Berdasarkan Gambar 1.1 dapat kita ketahui bahwa metode penentuan harga yang digunakan adalah
metode penentuan harga berdasarkan aktivitas. Terdapat 3 aktivitas untuk melaksanakan kegiatan
pengiriman, yaitu: a. Aktivitas pickup yaitu aktivitas saat proses muat di warehouse konsumen di daerah
asal hingga barang masuk depo pelabuhan (port origin) b. Aktivitas shipping yaitu aktivitas mulai dari
pelabuhan asal (port origin) hingga pelabuhan tujuan (port destination) c. Aktivitas dooring yaitu aktivitas
saat peti kemas keluar dari pelabuhan tujuan (port destination) hingga sampai ke warehouse konsumen di
daerah tujuan. Perbandingan prosentase biaya antara pickup, shipping, dan dooring adalah 20%:60%:20%.
Terdapat dua biaya pada sub aktivitas pickup dan dooring yaitu biaya trucking, dan biaya buruh. Sedangkan
untuk aktivitas shipping terdapat beberapa komponen biaya, seperti biaya untuk menurunkan peti kemas
dari lapangan timbun ke truk, biaya untuk mengangkat peti kemas dari truk ke lapangan timbun untuk
dimasukkan ke dalam kapal, dll. Seluruh biaya yang terdapat pada aktivitas shipping merupakan otoritas
dari perusahaan pelayaran, dimana PT. XYZ Logistics selaku transporter (pengirim) telah membayarkan
sejumlah uang berdasarkan tarif yang ditawarkan oleh perusahaan pelayaran.

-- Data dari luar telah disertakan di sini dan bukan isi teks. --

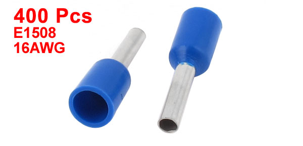 400Pcs E1508 16AWG Insulated Ferrule Pin Cord End Terminal Crimp Connector Blue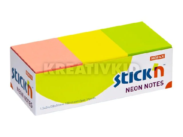 Öntapadó jegyzettömb, 38x51 mm, 12x100 lap, STICK N, neon színek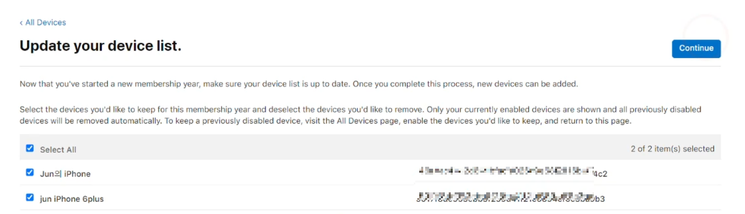 Continue 버튼을 눌러 계속 사용할 기기 목록을 선택하고

Tabel 1.1 merupakan tabel harga yang ditawarkan beserta frekuensi pengiriman yang dilakukan PT. XYZ
Logistics pada konsumen dengan kota tujuan Makassar, Banjarmasin, Manado, Samarinda, dan
Manokwari. Berdasarkan Tabel 1.1 tersebut dapat kita ketahui bahwa pengiriman dengan jumlah
terbanyak adalah dari Surabaya ke Makassar dengan jumlah 2.599 TEUs, dan pengiriman dengan kantitas
terendah adalah dari Surabaya ke Manokwari dengan kuantitas dalam satu tahun 250 TEUs. Terdapat
beberapa faktor yang dipertimbangkan oleh pihak manajemen perusahaan dalam penentuan biaya
pengiriman yairu jarak (origin dan destination), frekuensi pengiriman ke kota tujuan, serta tarif dari
perusahaan pelayaran. Namun variabel lain seperti waktu pengiriman belum dipertimbangkan oleh pihak
perusahaan. Tabel 1.2 merupakan rekap rata-rata waktu aktual pengiriman barang.
Tabel 1.2 merupakan rata-rata waktu aktual pengiriman barang pada top five destinations perusahaan
tahun 2014. Berdasarkan Tabel 1.2 dapat kita ketahui bahwa waktu aktual pengiriman pada top five
destination lebih lama jika dibandingkan dengan target waktu yang telah ditetapkan perusahaan. Waktu
pengiriman merupakan salah satu variabel yang mempengaruhi harga. Jika target waktu pengiriman untuk
Kota Makassar adalah 10 hari, dan jika aktual pengiriman melebihi batas waktu tersebut maka perusahaan
harus mengeluarkan biaya lebih, baik untuk tenaga kerja, kendaraan, dll. Namun, jika waktu aktual
pengiriman kurang dari target waktu yang telah ditetapkan maka perusahaan telah menghemat biaya dan
dapat dialokasikan untuk pengeluaran yang lain. Saat ini, penentuan target waktu pengiriman di PT. XYZ
Logistics hanya berdasarkan pengalaman selama beberapa tahun, mengingat perusahaan telah berdiri
sejak tahun 1972. Terdapat tiga klasifikasi target waktu yang ditetapkan oleh perusahaan yang telah
mempertimbangkan kegiatan non produktif (contoh: menunggu, antri), yaitu: - Target waktu aktivitas
pickup adalah 4 hari untuk semua tujuan. - Target waktu aktivitas shipping bergantung pada tujuan setiap
kota. - Target waktu aktivitas dooring adalah maksimal 5 hari setelah kedatangan kapal, barang telah
dikirim ke gudang penerima. Penentuan target waktu pengiriman yang belum tepat dapat mempengaruhi
perusahaan dalam penetapan harga pokok pengiriman.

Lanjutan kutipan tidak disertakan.